Ideally, these reconstructions can achieve accurate localization of the electrode track and site placements within and across animals. However, due to animal variability, distortions in midbrain shape due to the fixation and reconstruction process, and reconstruction subjectivity, there will always exist some errors that cannot be avoided. Also, this method does not yet possess the resolution to differentiate neighboring isofrequency laminae within the ICC. By using an array with closer sites and improving the reconstruction steps, it will be possible to increase the spatial resolution of the reconstructions. However, as shown in Figure 12, we were still able to differentiate isofrequency laminae separated by 1–2 octaves and map out locations across the ICC laminae. This is useful for studies investigating how coding properties vary within different subregions along the ICC laminae. Although our approach is not yet able to characterize the organization along a single, specific lamina, close-by laminae will likely exhibit similar properties and dimensions, and can be pooled together into one general lamina (Malmierca et al., 1995; Oliver, 2005; Seshagiri and Delgutte, 2007). For example, the low frequency laminae could have different shapes and dimensions than the high frequency laminae (Malmierca et al., 1995). Functional properties as well as afferent and efferent projections can also vary differently between low and high frequency ICC laminae (Ramachandran et al., 1999; Cant and Benson, 2003; Loftus et al., 2004; McMullen et al., 2005). Therefore, separating the ICC into several frequency groups that each may span several critical bands and reconstructing the functional properties and projection pathways along those grouped ICC laminae would provide important and useful information for central auditory processing and organization. Encouragingly, our lab has already identified the existence of functional subregions across and along the ICC laminae using many of the reconstruction steps presented in this paper. This includes both ascending and descending functional and anatomical patterns (Lim and Anderson, 2007a,b; Neuheiser et al., 2010; Markovitz and Lim, 2012).
Discussion
In this study we presented a relatively easy and consistent approach for creating three-dimensional reconstructions of electrode tracks within the IC as well as identifying BF laminae using functional data obtained via electrode sites along those tracks. While electrode locations cannot be perfectly determined due to processing errors, subjectivity within the method and variability between animals, general functional trends can be correlated with anatomical locations using this process. The reconstruction process requires a significant time commitment for tracing and aligning of the slices. However, since the method can be quickly learned, it can serve as a starting project for undergraduate students and even high schools students interested in obtaining initial exposure to neurophysiological and anatomical studies. Automating the different reconstruction steps has been attempted with varying degrees of success by other groups (Ju et al., 2006; Dauguet et al., 2007; Chklovskii et al., 2010; Cifor et al., 2011; Kleinfeld et al., 2011), but these algorithms may miss tissue abnormalities that can generally be fixed through visual and manual correction of the imaged tissue. The customized software packages and additional equipment required for automatic and semi-automatic reconstruction steps can also be quite expensive and not readily available to most neurophysiology labs. For example, four commonly used software packages, Neurolucida (MBF Bioscience, Williston, VT), Amira (Visage Imaging, Richmond VIC, Australia), Avizo (Visualization Science Group, Burlington, MA), and Analyze (AnalyzeDirect, Overland Park, KS), cost between $4000 and $6500 per license, which can become quite expensive when multiple licenses are required. As long as the software is low in cost and multiple licenses and computers can be purchased (e.g., we have four workstations for <$1500 each), a volunteer student infrastructure can provide sufficient personnel time to carefully assess the tissue slices and perform reliable reconstructions, making it more feasible to implement for typical neurophysiological labs. Other costs involved with the procedure can also be minimized, such as by preparing histological slices within the lab instead of outsourcing them to a histology center. While the training and equipment costs are greater initially, this approach is financially beneficial and ensures consistency in the long run.
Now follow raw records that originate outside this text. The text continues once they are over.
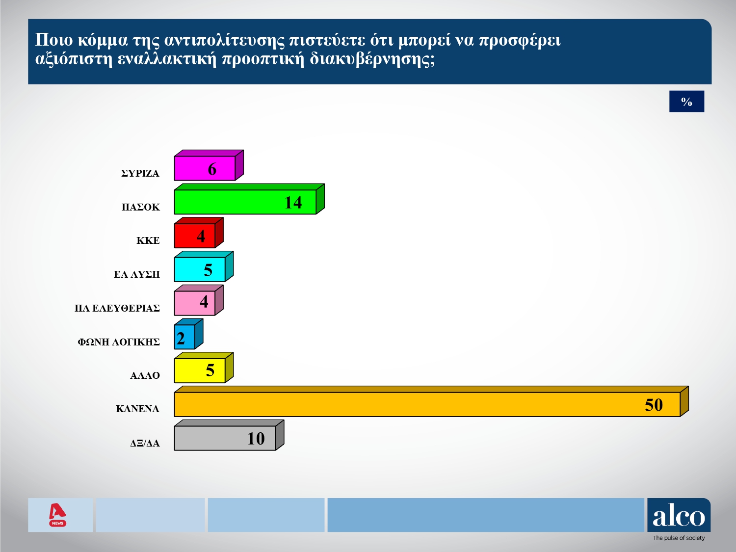 Στην ερώτηση, στο πλαίσιο μίας ενδεχόμενης πολιτικής αλλαγής, ποιο κόμμα της αντιπολίτευσης θα μπορούσε να προσφέρει αξιόπιστη εναλλακτική προοπτική διακυβέρνησης, το ΠΑΣΟΚ συγκεντρώνει το 14%, ο ΣΥΡΙΖΑ το 6%, η Ελληνική Λύση το 5%, το ΚΚΕ 4%, η Πλεύση Ελευθερίας 4% και η Φωνή Λογικής το 2%. «Κανένα κόμμα» απαντά το συντριπτικό 50%.
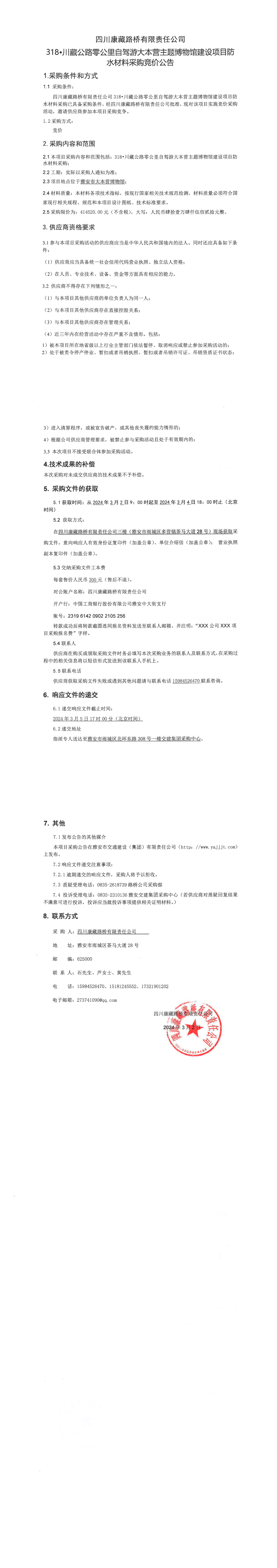 四川康藏路橋有限責(zé)任公司318·川藏公路零公里自駕游大本營(yíng)主題博物館建設(shè)項(xiàng)目防水材料采購(gòu)競(jìng)價(jià)公告
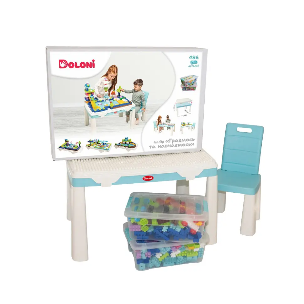 До конца акции 8 днейДетский стол и стул с накладкой для игры + 2 набора конструкторов. Doloni 04660/7 Комплект 04660/7 бирюзового цвета состоит из детского стола из пластика и одного детского стула. Стул можно использовать как табурет, поскольку в этой модели полностью снимается спинка. Вместо спинки можно установить заглушку, которая входит в комплект.
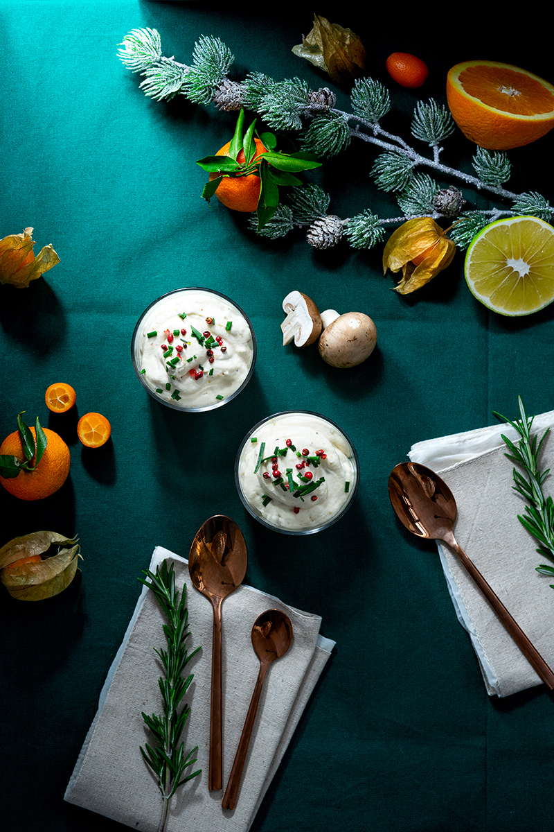 Dans une poêle, faites revenir les champignons dans une noix de beurre. Ajoutez de la ciboulette, salez et poivrez. Laissez refroidir avant le montage.
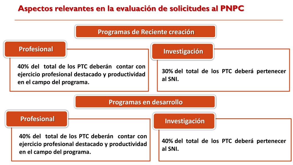 Aspectos relevantes en la evaluación de solicitudes al PNPC Programas de Reciente creación Profesional Investigación 40% del total de los PTC deberán contar con ejercicio profesional destacado y productividad en el campo del programa. 30% del total de los PTC deberá pertenecer al SNI. Programas en desarrollo Profesional Investigación 40% del total de los PTC deberán contar con ejercicio profesional destacado y productividad en el campo del programa. 40% del total de los PTC deberá pertenecer al SNI.
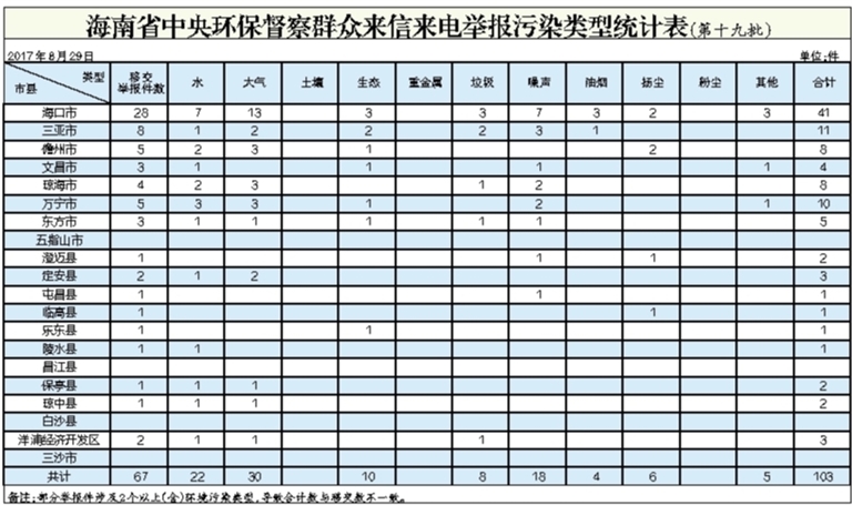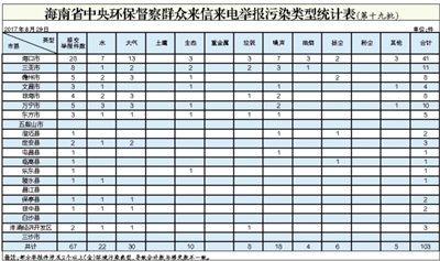 海南省中央环保督察群众来信来电举报污染类型统计表(第十九批)
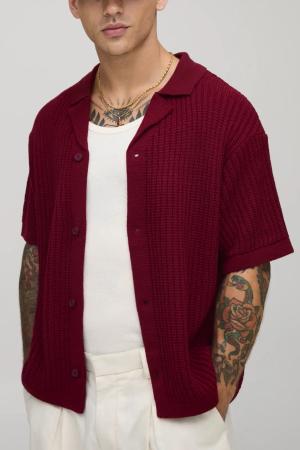 Kastiges geripptes Hemd - Burgund - M, Burgund
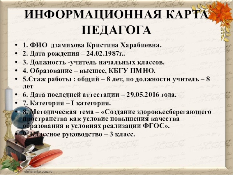 Слайд 5ИНФОРМАЦИОННАЯ КАРТА ПЕДАГОГА
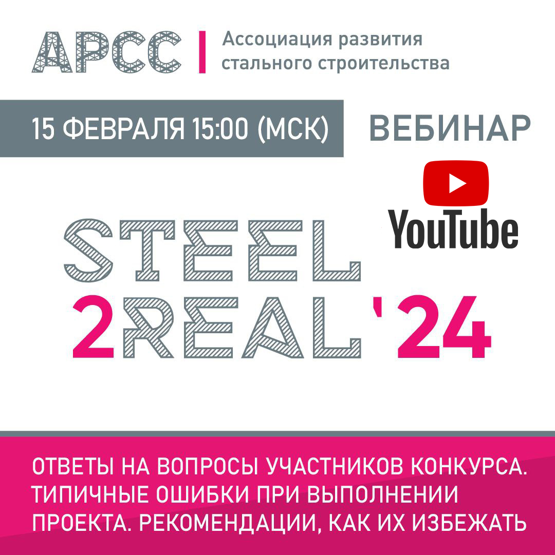 15 февраля 2024 года АРСС провела вебинар для участников конкурса Steel2Real'24 «Ответы на вопросы участников конкурса. Типичные ошибки при выполнении проекта. Рекомендации, как их избежать».

While this study focused on reconstructing the guinea pig IC using sagittal slices, the process can be utilized across multiple brain regions, species, and slicing planes. One of the most crucial steps in this process is to identify consistent landmarks for normalizing across animals, which would need to be developed for the region of interest. The intersection of the SC, thalamus, and lateral extension from the IC (black arrow in Figure 3C) was used as the consistent landmark for IC reconstructions in guinea pigs. This landmark can be used regardless of the slicing plane, as long as additional reference tracks are made perpendicular to the slicing plane to initially align the slices. The consistent reference track can then be reconstructed and anchored at its lateral-most point for normalization. This landmark can also be used to reconstruct other surrounding and connected brain regions, such as the SC, various thalamic areas, and other brainstem regions. Reconstruction of cortical regions, such as the auditory cortex, may be possible by using the indentation along the pseudosylvian sulcus combined with the edges of the visual, temporal, and frontal cortices and the midline for normalization (cortex is shown in Figures 2A and B). However, since cortical regions are more easily warped during the histology process, other steps such as embedding the tissue in albumin-gelatin or paraffin wax, or slicing on a cryostat may be necessary for increased accuracy (see below for additional improvements).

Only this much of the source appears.